In the year of the centenary of the mass killing of Armenians at the hands of the Ottoman Empire, the tiny island of San Lazzaro degli Armeni assumes particular significance. Formerly a leper colony, it was the gift of Doge Alviso Mocenigo to Mekhitar, an Armenian monk fleeing persecution in Constantinople. He arrived in 1717, with 20 followers, to found a monastery dedicated to the cultural and spiritual renaissance of the Armenian people.

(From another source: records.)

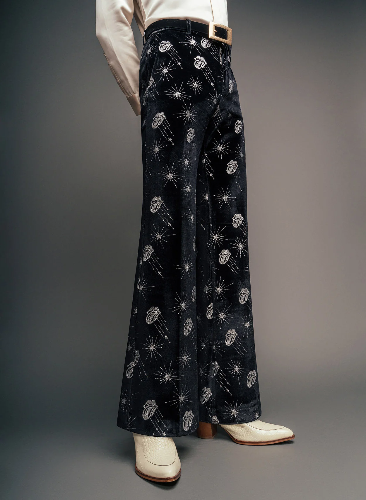 These black velvet trousers embody 70s-inspired sophistication with a bold Rolling Stones design. Crafted from luxurious velvet, they feature shimmering starburst details paired with the iconic Rolling Stones tongue logo.
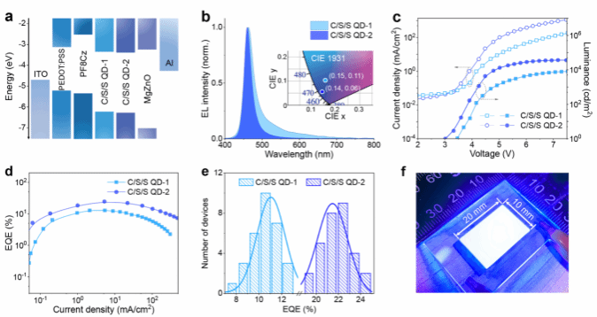 量子点显示以其更为优秀的色彩表现力,已成为引领新型显示产业迭代升级的关键驱动力之一。近期,科学家们对誉为终极量子点显示技术的电致发光量子点发光二极管的研究与探索持续发力,取得了令人瞩目的突破性进展。目前,红、绿光QLED性能已能够与商业有机LED (OLED)相媲美。而相比之下,由于更高的工作电压及需要克服更大的空穴注入势垒等原因,导致蓝光QLED器件性能进展落后,尤其是环境友好型的无重金属器件的发展更为迟缓,严重阻碍了QLED显示技术的商业化进程。
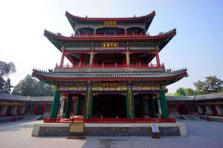大戲樓在德和園內(nèi),與承德避暑山莊里的清音閣、紫禁城內(nèi)的暢音閣,合稱清代三大戲臺。德和園大戲樓是為慈禧60歲生日修建,專供慈禧看戲。高21米,在頤和園中僅次于最高的佛香閣。戲樓共三層,后臺化妝樓二層。頂板上有七個“天井”,地板中有“地井”。舞臺底部有水井和五個方池。演神鬼戲時,可從“天”而降,也可從“地”而出,還可引水上臺。
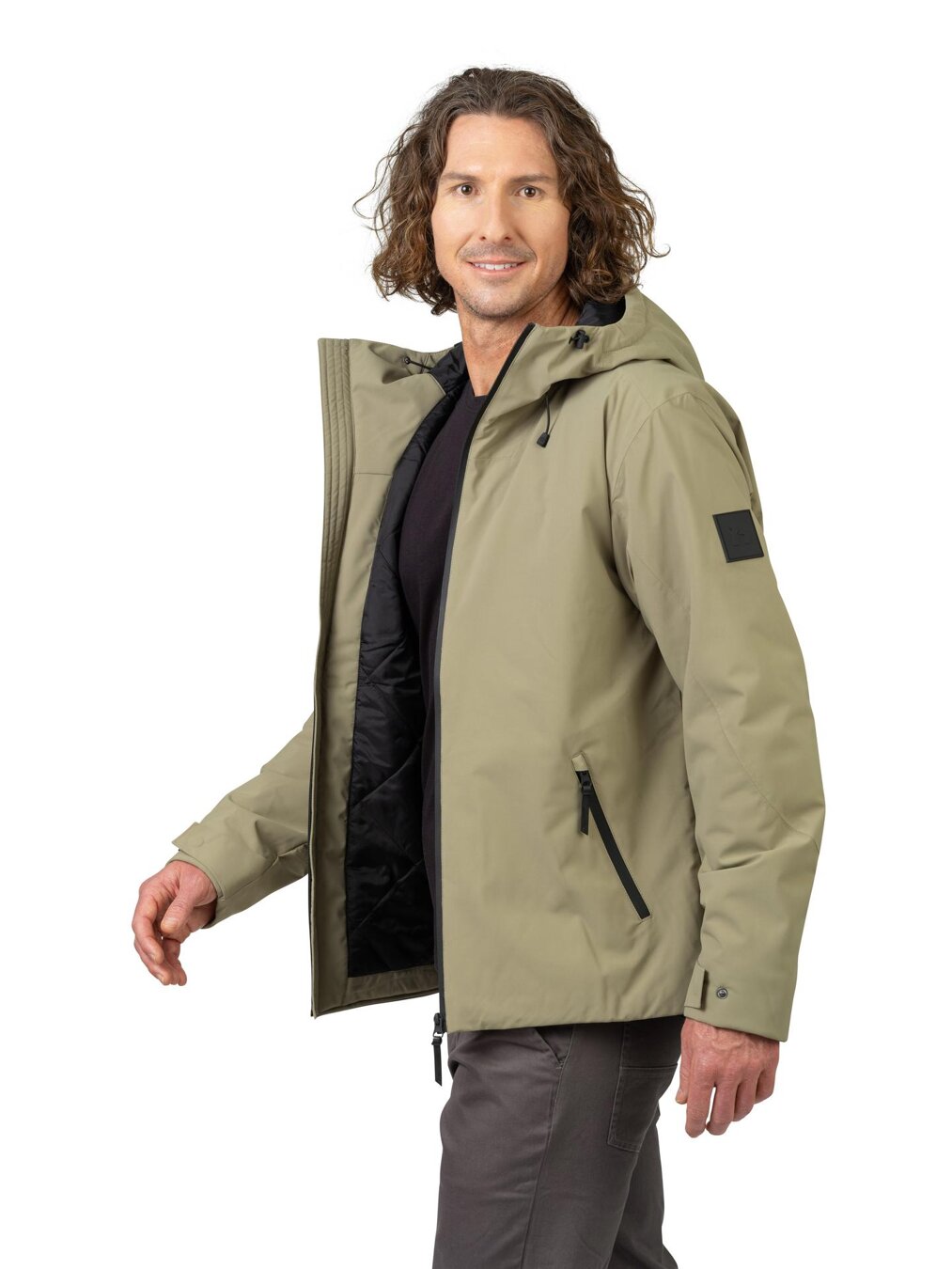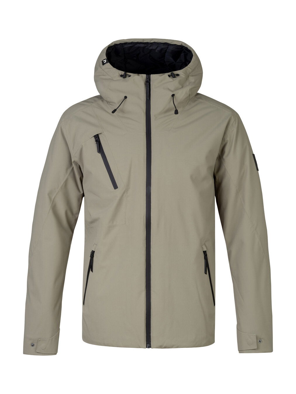 Bunda má kapucňu s reguláciou, dve hlavné a jedno hrudné vrecko s vodoodolnými zipsami. Celkovú nepremokavú vlastnosť bundy dopĺňa aj vodoodolný hlavný zips. Rukávy je možné prispôsobiť sťahovaním na pätku s cvokom, tak ako spodný kraj bundy. Naši dizajnéri sa rozhodli pre pohodlný strih a jednofarebný dizajn.
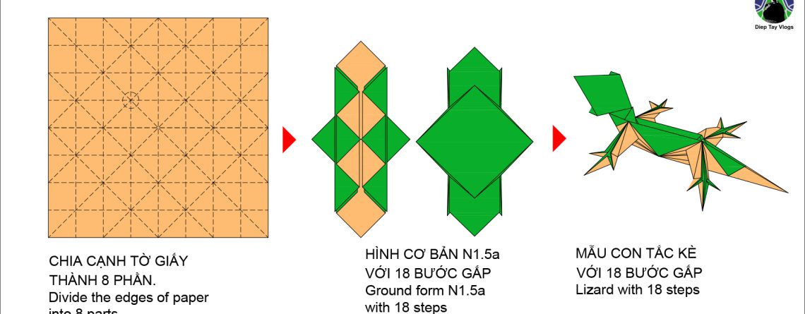 39 - Mẫu gấp Con tắc kè - Paper Folding Art: Lizard
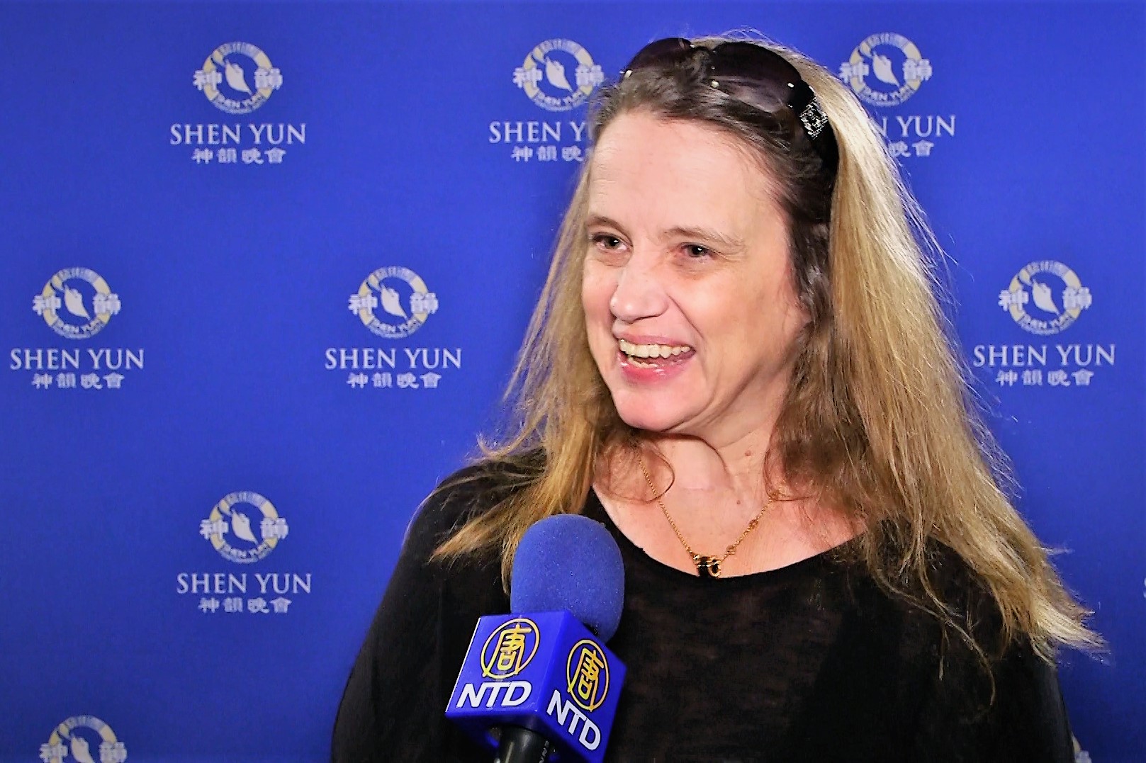 金球奖提名演员舞蹈家Barbara Hancock在亚特兰大观看了四月五日下午,神韵北美艺术团在亚特兰大柯布能源表演艺术中心的演出。她说:“神韵超群绝伦,编舞非常优秀。是一场视觉盛宴!我喜欢观看神韵男演员的舞蹈,因为很丰富,很少有机会看到那么多优秀的男舞蹈演员具有那么高超的舞蹈技巧,并在舞蹈中展示了中国的传统文化。如果您打算今年就看一场演出的话,那你就应该来看神韵!”
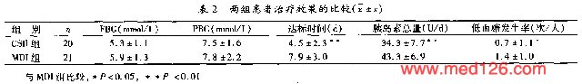 临床情况比较:两组间年龄、性别、体重指数、治疗前FBG、PBG及HbAlc均无显著性差异(P>0.05),见表1![]() 。胰岛素用量及血糖达标时间比较:两组患者治疗后FBG、PBG均得到良好控制。其中治疗组(CSⅡ组)较对照组(MDI组)胰岛素用量明显减少(P<0.05),且显著缩短了达标时间(P<0.01),见表2 ![]() 。低血糖发生率比较:CSⅡ组与MDI组相比,低血糖发生率显著减少(P<0.05),见表2。 |
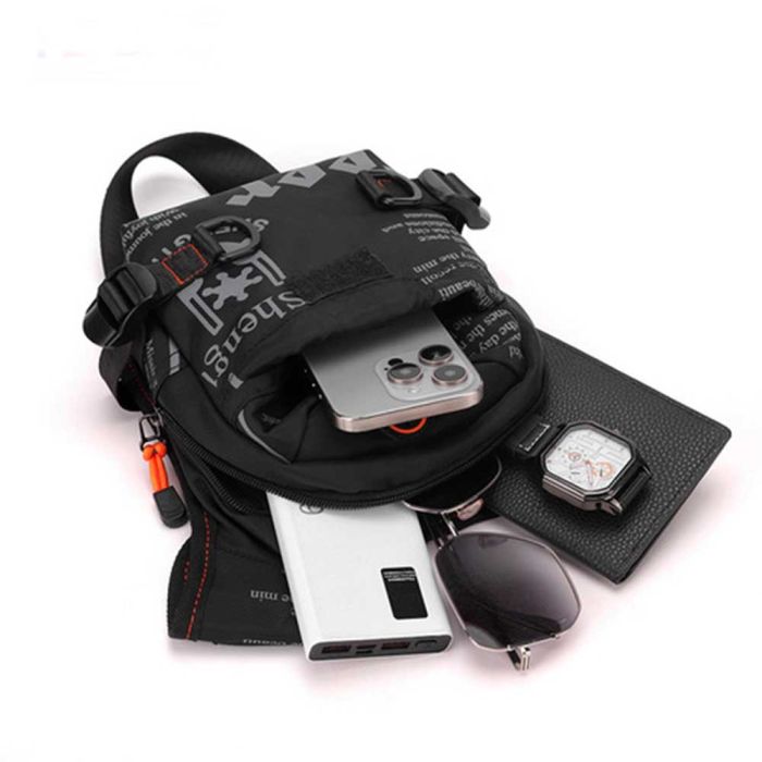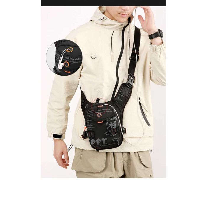 This Oxford shoulder bag is crafted for style and function, made of high-density fabric with waterproof protection, it features multiple compartments for phone, wallet, keys, and power bank, the integrated earphone port adds convenience on the go, while the adjustable straps and elegant finish provide comfort, security, and lasting quality
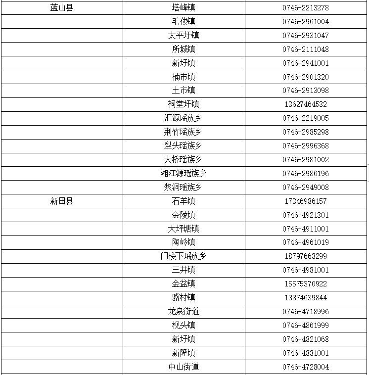 永州市各乡镇(街道)值班电话

Even Napoleon, no friend to monasteries, was impressed, and in 1797 he designated San Lazzaro an academic Institution, saving it from the axe. Today, just 12 vardapets (celibate monks) and five novices remain as custodians of 200,000 books, 4,500 rare manuscripts, and a disparate collection of esoteric treasures. This Mother Church of the Mekhitarist order has become a symbol of survival, and an important center of Armenian scholarship.
We follow a trail of incense through cloisters lined with Greek, Roman and Phoenician antiquities, past the headless statue of a princess from Aquilea, and enter the barrel-vaulted church. Beyond the walls, closed to the public, lies a secret garden of great repute. Our guide, Eleanora, tries to unravel the complex theology behind this monastery. “Mekhitar,” she concludes, “wanted to heal the rift between the Eastern and Western churches.” But amid the splendid marble and mosaic, three low blind arches from the original church of 1348 remind us of the island’s insalubrious past. “They were windows through which the lepers could follow Mass,” explains Eleanora.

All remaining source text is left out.